Row j of Figure 6 shows an image with a very different texture that occurred more rarely in the dataset, with several large white blobs. Although those were not uncommon in small numbers (such as the image in Row b), this image in particular was completely covered by them. Quickshift, FHA, and SLIC resulted in explanations with much lower weights for this case, despite the fact that the CNN model correctly classified this patch with a corresponding softmax output over 0.98. Cases were this happened seemed to be in the minority, however.

3.3. Squaregrid

The squaregrid approach, despite generating less detailed explanations, seemed to agree mostly with the other methods on the most relevant areas of the image, especially when compared to the averaged heat maps.

Each individual square of the different-sized grids did not hold much relevance on its own.

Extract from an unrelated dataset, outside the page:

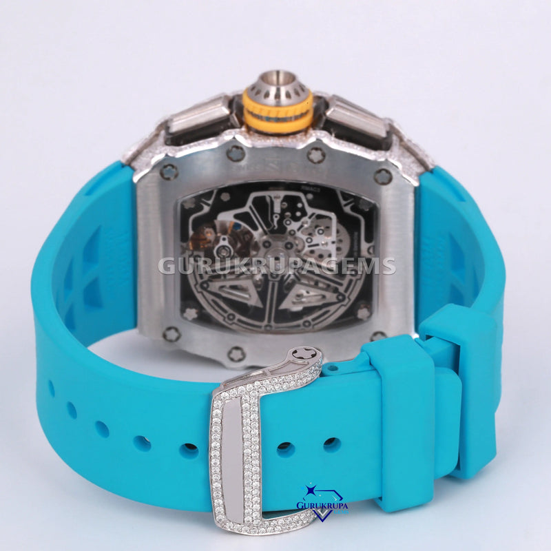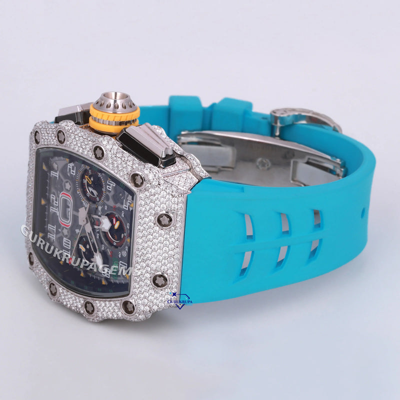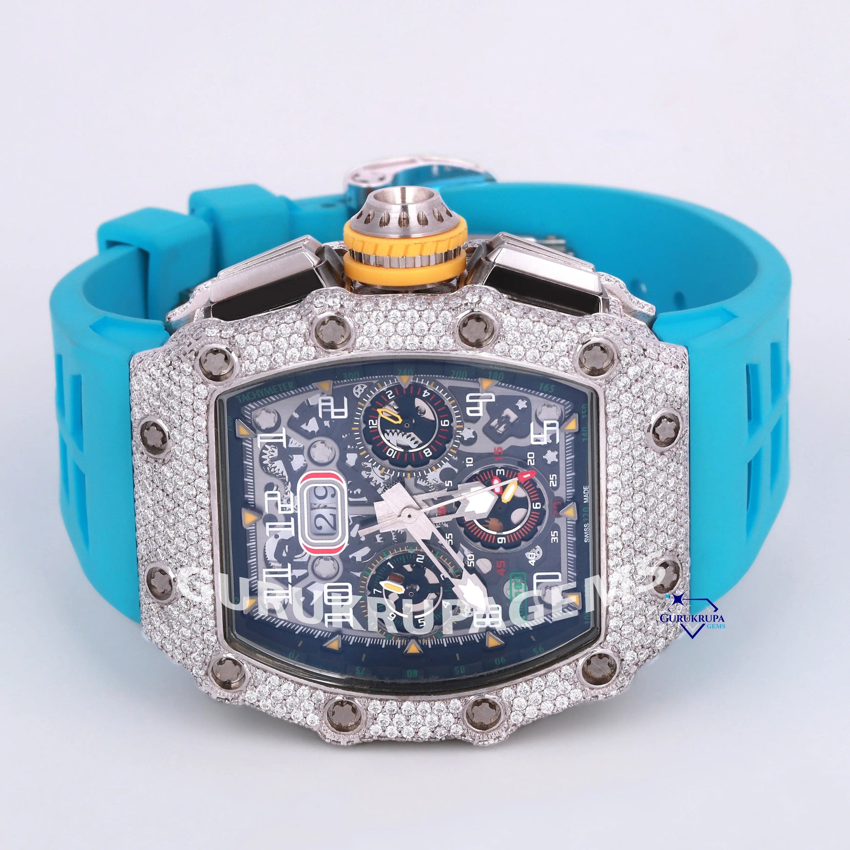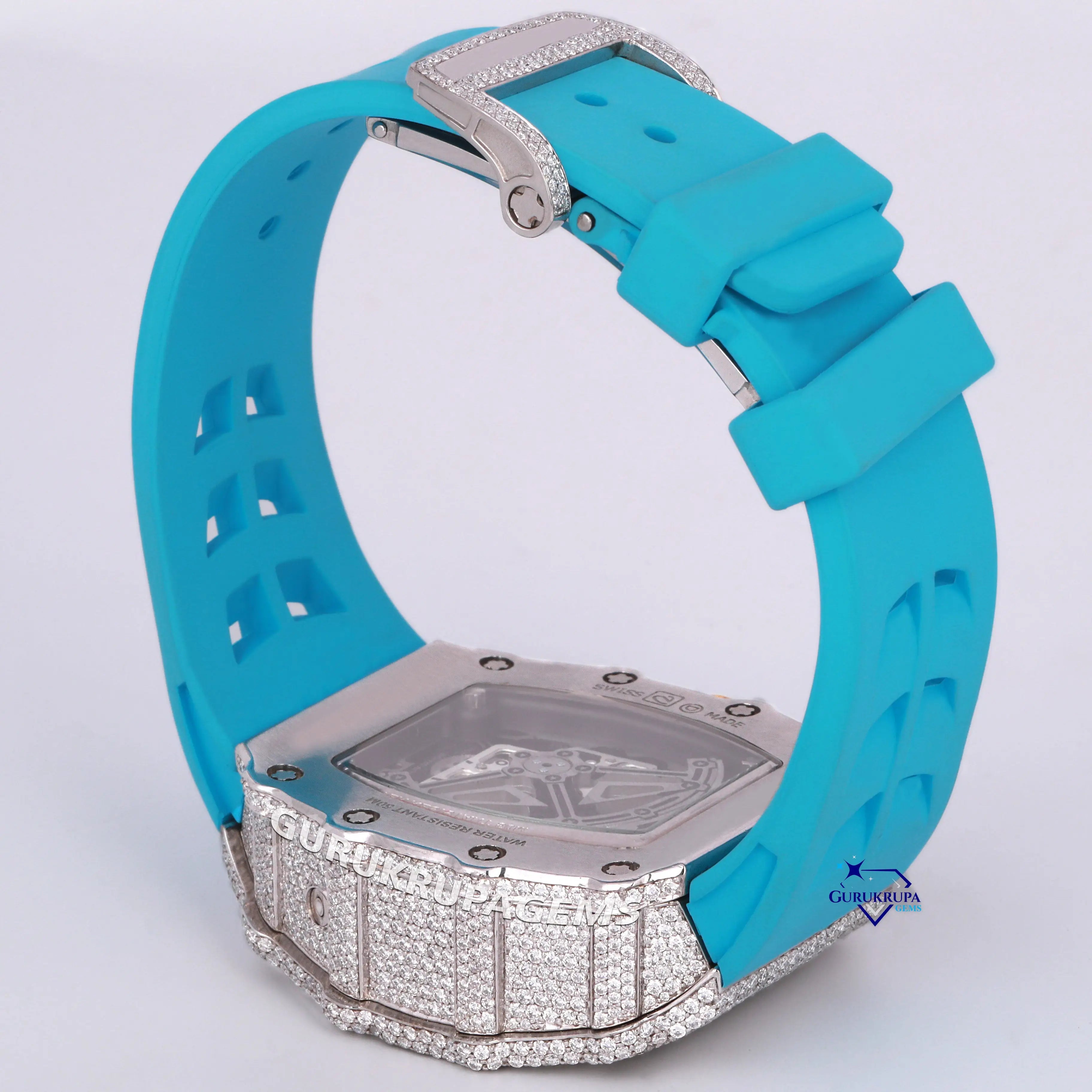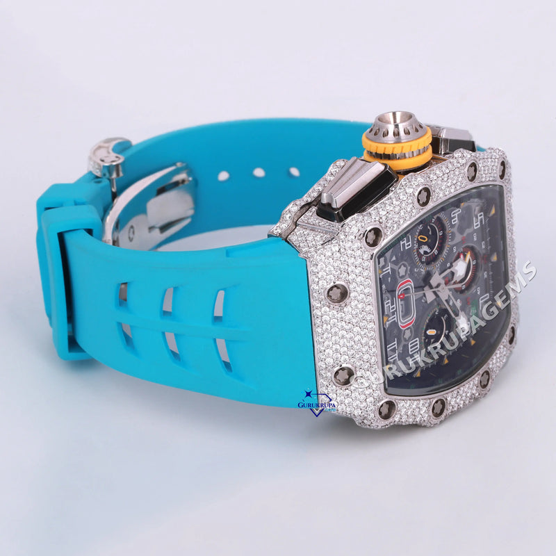 Stylishly crafted this sky blue rubber belt watch stainless steel with vvs clarity lab grown diamonds

This was expected since the squares did not particularly follow the textures and color changes of each image. Therefore, they did not hold any special context information, and there was no reason to imagine they would explain a given prediction well individually. However, by overlapping grids of different sizes, the positive and negative weights added up constructively/destructively, generating a profile that often matched the other heat maps to a remarkable degree. Rows b, e, f, h, and i of Figure 6 are particularly striking examples of this. It is notable that such a simple segmentation, devoid of parameters, generated interpretable results such as these through the LIME methodology.

The variation observed among quickshift, FHA, and SLIC was possibly caused by their sensitivity to segmentation parameters. The shape of the superpixels was highly variable and could influence the result greatly.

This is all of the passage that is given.